3'末端,5'末端,α-アミノ酸,α炭素,α-ヘリックス構造,β-シート,C末端アミノ酸,N末端アミノ酸,一次構造,塩基対,核酸,核酸塩基,球状タンパク質,骨格,サブユニット,残基,三次構造,脂質,脂質二重層,繊維状タンパク質,側鎖,多糖,単糖,タンパク質,糖質,デオキシリボ核酸(DNA),二次構造,二重らせん,ペプチド結合,ホスホジエステル結合,四次構造,リボ核酸(RNA),リン酸エステル,リン酸ジエステル,リン脂質

講義内容要約

  • 四大生体分子:糖質(炭水化物),タンパク質(およびアミノ酸,ペプチド),脂質,核酸
  • 親水性と疎水性(親油性)
  • グルコースとでんぷん(アミロースとアミロペクチン)とセルロースの関係
  • タンパク質の立体構造が保たれるしくみ
  • タンパク質は,糖やリン酸基が結合してはじめて機能する場合がある
  • リン酸からスタートして構造を変えていって生体膜の構造を理解する
  • ホスホジエステル結合と糖と核酸塩基でDNAやRNAが組み立てられている
  • 生体分子の働きを理解してインフルエンザに効く薬を開発する:リレンザやタミフルの化学構造には理由がある

事前配布資料

前回の講義終了時に予習用の資料を配付しました.コレがテキストになってます.

関連トピック

リン脂質二重層の流動モザイクモデル

質問

  • 看護師として働きたくなくなってしまいました.そのため保健師になろう(資格をとろう)と思っているのですが,やはりこういう動機は良くないと思いますか?

お悩み相談.
私からは以下のとおり申しあげます.

  1. ぜんぜん悪くない
  2. こういう動機はよくある
  3. 保健師になる人もいる(動機はいろいろ)
  4. 人間は変化する生き物:考えも変化する
  5. 変化は成長の別形態(かもしれない)
  6. 自らの幸福を追求すべし!
  7. 人生は一度だけ

コメント

  • どうして点滴の中にいつも糖が入っているのかが分かり納得できました.
  • インフルエンザの感染がどのように広まるのかを初めて知りました.タミフルやリレンザは細胞からウィルスが離れてまた次の細胞につくことを防ぐための薬だということも初めて知りました.
  • 高校の時に生物選択で受験科目としても結構やっていたので,今回の授業は,その時にやっていたことのある範囲が組み込まれていたので理解しやすかったです.そして,先生の説明によって知らなかった新たな知識も得られたのでよかったです.
  • 糖タンパクとの結合を邪魔するために,似た構造をもった薬を飲むことで感染を防ぐといった考えを思いついたのがすごいと思った.
  • インフルエンザの治療で使われる薬がどうやって働いているかを理解できた.
  • インフルエンザのワクチンや薬のことを詳しく知ると科学者に感謝の気持ちを感じた.
  • 両親がインフルエンザになったとき,自分も時間の問題でかかることがわかっていたので,事前に病院へ行きリレンザをもらって予防したことを思い出しました.
  • 予習をしたときに,脂質のところで「ノートを取るのが大変そうだな」と思っていたので,スライドで説明していただけて良かったです.話を聴くことに集中できました.

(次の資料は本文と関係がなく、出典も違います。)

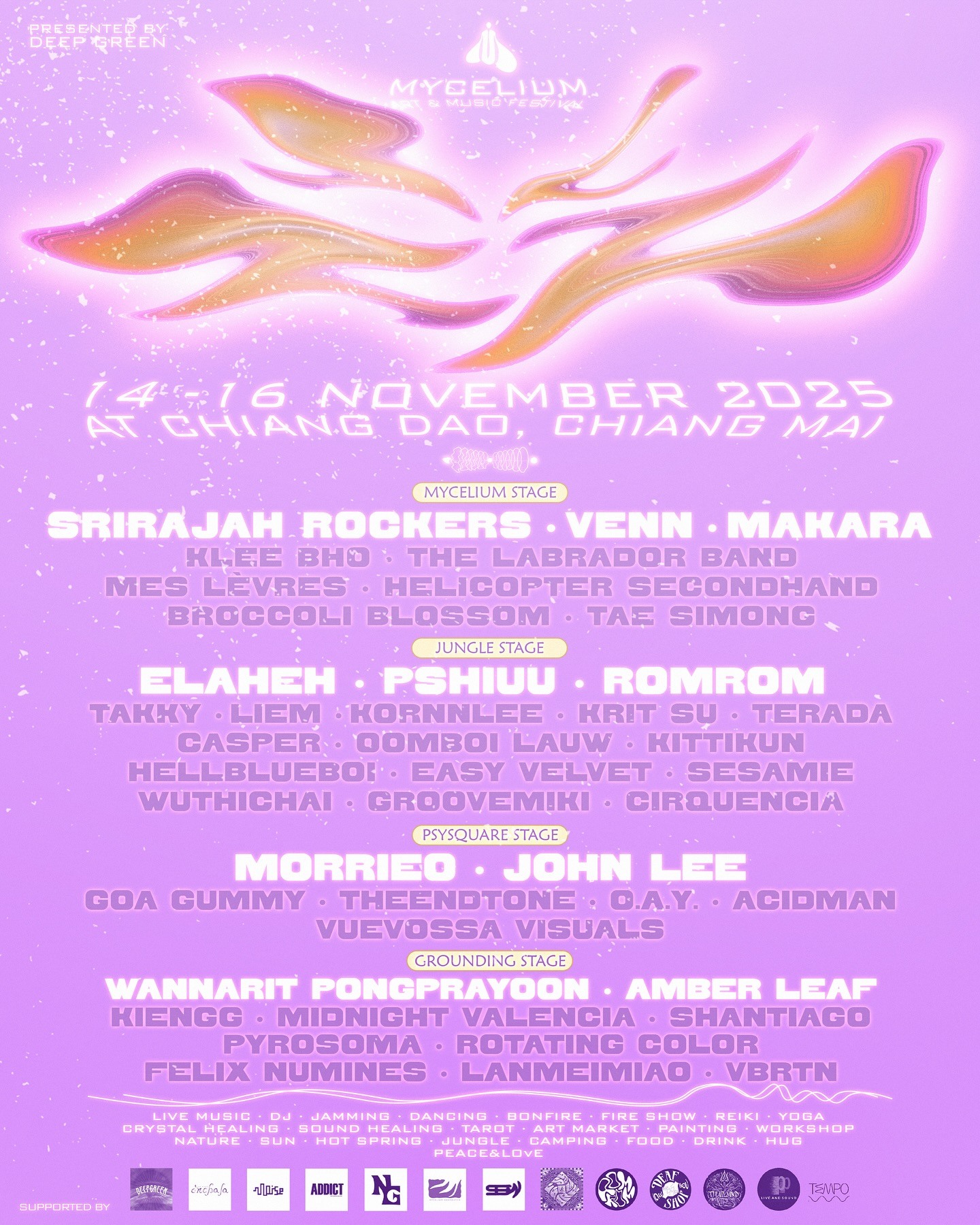 Mycelium Art & Music Festival returns with four stages showcasing a diverse mix of live and electronic music in a forest setting. The Mycelium Stage aka main stage features live music acts like Srirajah Rockers, Makara, and Mes Lèvres, while the Jungle Stage highlights electronic talents such as Elaheh, RomRom, DJ Fehlt, and Oomboi Lauw. The Psysquare Stage brings high-energy psytrance from artists like Morrieo, Goa Gummy, and Acidman, and the Grounding Stage offers ambient and experimental sets from Amber Leaf, Kiengg, and VBRTN, rounding out a weekend of immersive sound and creative exploration in Chiang Mai.

数式の誘導とか計算とかは黒板に書きながら説明したほうが伝わりやすいと考えているのですが,有機化学や生化学は同じような構造を何度も時間をかけて書き写して終わりになっちゃうので,先に配っておく方式にしてます.そのかわり予習して来ないとワケがわからなくなります.

出席者数推移

前期
(1)62→61→62→62→60→58→60→61→59→59→50→55→57→51
後期
(16)55→46→50→43→45→42→39→45→44→37→37

次回予告と自宅学習

合成ポリマーの化学について学びます.配布物を予習して来ること.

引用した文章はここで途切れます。